--- Information ---
################

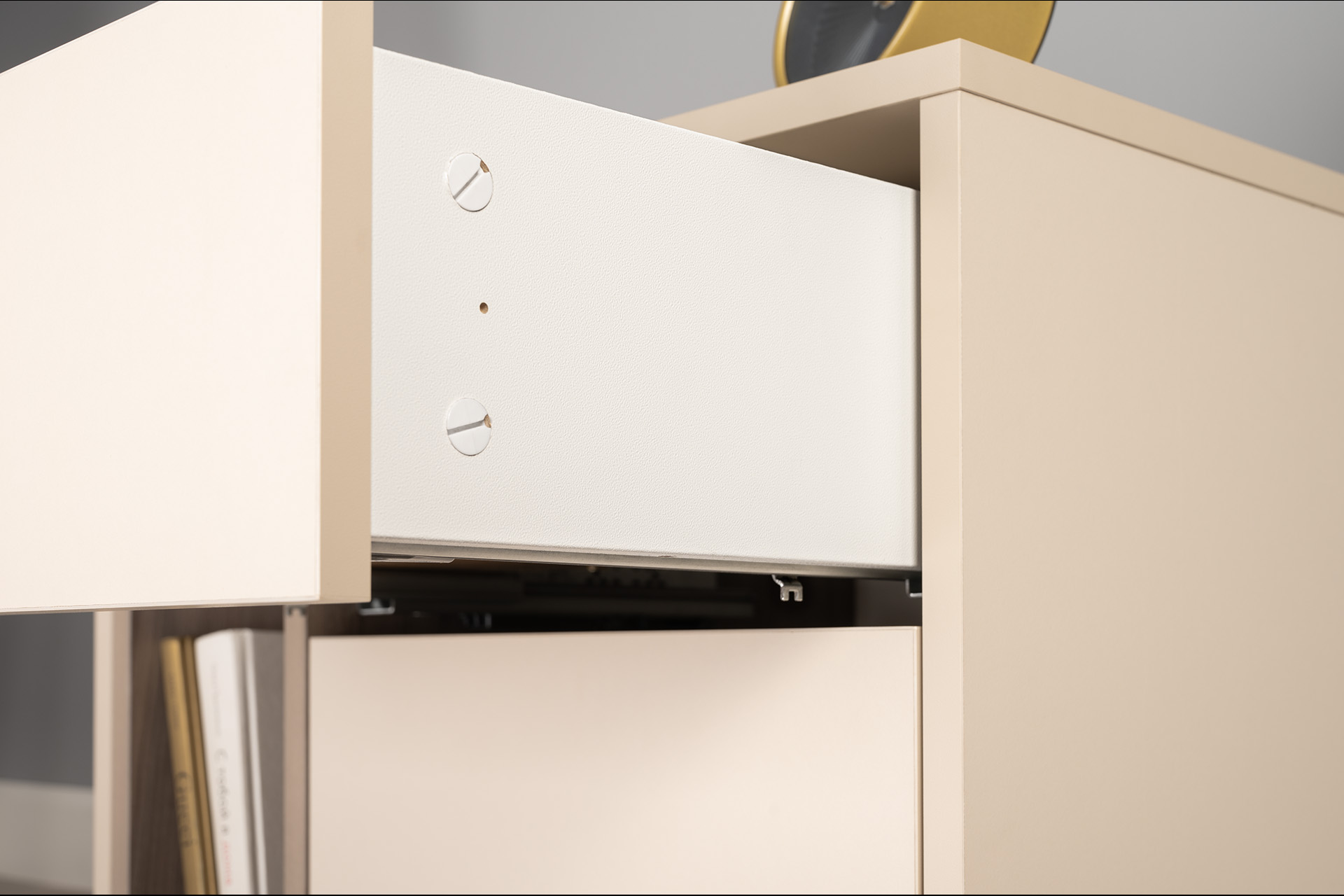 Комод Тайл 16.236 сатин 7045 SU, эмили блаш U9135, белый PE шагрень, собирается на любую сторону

################

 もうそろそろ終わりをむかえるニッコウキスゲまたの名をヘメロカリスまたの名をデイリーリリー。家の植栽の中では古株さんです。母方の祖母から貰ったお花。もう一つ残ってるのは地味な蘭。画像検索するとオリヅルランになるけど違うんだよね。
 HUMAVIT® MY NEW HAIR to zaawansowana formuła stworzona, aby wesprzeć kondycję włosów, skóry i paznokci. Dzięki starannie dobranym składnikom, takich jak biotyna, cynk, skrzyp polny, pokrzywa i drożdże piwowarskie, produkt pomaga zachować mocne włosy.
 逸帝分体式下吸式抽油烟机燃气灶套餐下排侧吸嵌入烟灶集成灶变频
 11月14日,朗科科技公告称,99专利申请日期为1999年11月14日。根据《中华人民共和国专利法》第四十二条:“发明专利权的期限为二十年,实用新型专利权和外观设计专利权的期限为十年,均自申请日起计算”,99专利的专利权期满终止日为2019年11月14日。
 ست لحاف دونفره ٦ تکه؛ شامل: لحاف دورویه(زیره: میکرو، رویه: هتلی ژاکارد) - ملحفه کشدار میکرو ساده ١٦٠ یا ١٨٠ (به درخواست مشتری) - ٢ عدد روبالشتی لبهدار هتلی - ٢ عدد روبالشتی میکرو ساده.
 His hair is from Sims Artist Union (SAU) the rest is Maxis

################

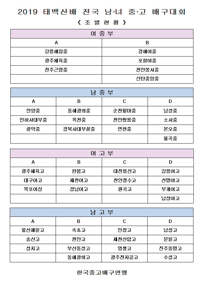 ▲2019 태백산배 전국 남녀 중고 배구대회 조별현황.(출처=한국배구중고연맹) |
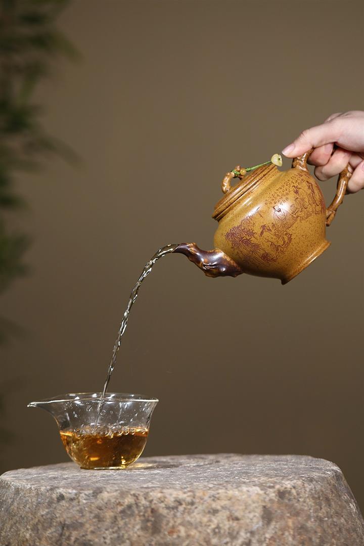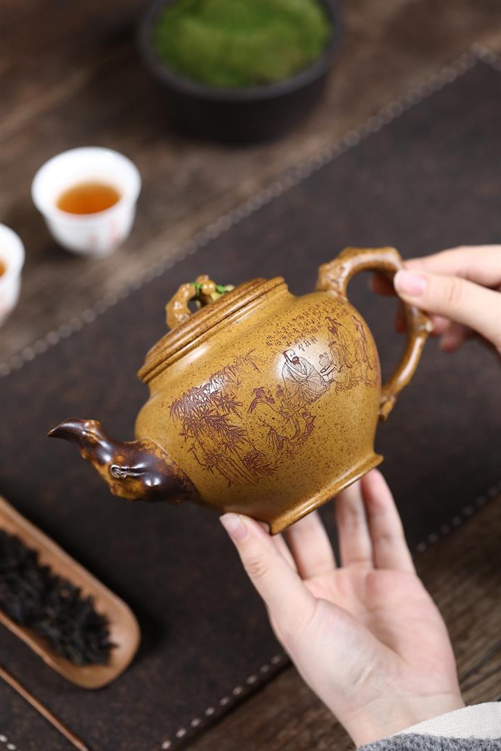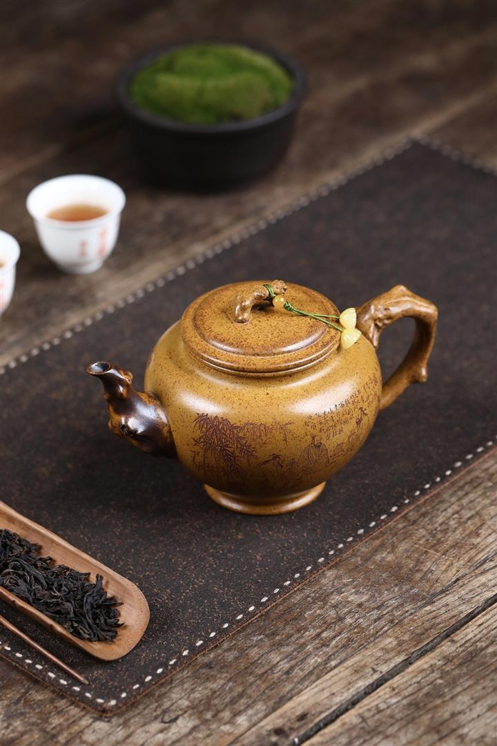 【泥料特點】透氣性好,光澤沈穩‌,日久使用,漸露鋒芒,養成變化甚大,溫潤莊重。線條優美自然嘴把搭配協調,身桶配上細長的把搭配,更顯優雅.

################

--- Required action ---
Look above for the line containing "HUMAVIT® MY NEW". Output from there through the line containing "11月14日,朗科科技公告称", exactly and inclusively.

--- Exercise output ---
 HUMAVIT® MY NEW HAIR to zaawansowana formuła stworzona, aby wesprzeć kondycję włosów, skóry i paznokci. Dzięki starannie dobranym składnikom, takich jak biotyna, cynk, skrzyp polny, pokrzywa i drożdże piwowarskie, produkt pomaga zachować mocne włosy.
 逸帝分体式下吸式抽油烟机燃气灶套餐下排侧吸嵌入烟灶集成灶变频
 11月14日,朗科科技公告称,99专利申请日期为1999年11月14日。根据《中华人民共和国专利法》第四十二条:“发明专利权的期限为二十年,实用新型专利权和外观设计专利权的期限为十年,均自申请日起计算”,99专利的专利权期满终止日为2019年11月14日。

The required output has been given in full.